» AIM OF THE EXERCISE: Look for the line containing "Red sauce, black" and the line containing "Von 11. bis" in the entries below. Copy those two and all lines between them exactly, leaving out pictures.

» ENTRIES SUPPLIED:
%%

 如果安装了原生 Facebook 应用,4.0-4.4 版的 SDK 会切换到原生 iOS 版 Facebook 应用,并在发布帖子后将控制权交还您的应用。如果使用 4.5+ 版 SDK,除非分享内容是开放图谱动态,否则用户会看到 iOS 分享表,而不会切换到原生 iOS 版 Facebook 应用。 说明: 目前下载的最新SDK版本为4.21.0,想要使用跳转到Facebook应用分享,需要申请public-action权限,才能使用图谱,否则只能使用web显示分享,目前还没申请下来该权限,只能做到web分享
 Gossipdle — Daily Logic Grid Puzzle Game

%%
%%

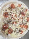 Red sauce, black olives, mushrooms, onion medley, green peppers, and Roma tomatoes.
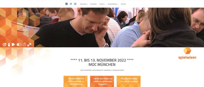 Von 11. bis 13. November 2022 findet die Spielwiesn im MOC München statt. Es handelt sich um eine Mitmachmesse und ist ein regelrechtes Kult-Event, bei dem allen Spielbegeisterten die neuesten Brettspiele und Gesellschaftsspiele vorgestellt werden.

%%

» RESPONSE AREA:
 Red sauce, black olives, mushrooms, onion medley, green peppers, and Roma tomatoes.
 Von 11. bis 13. November 2022 findet die Spielwiesn im MOC München statt. Es handelt sich um eine Mitmachmesse und ist ein regelrechtes Kult-Event, bei dem allen Spielbegeisterten die neuesten Brettspiele und Gesellschaftsspiele vorgestellt werden.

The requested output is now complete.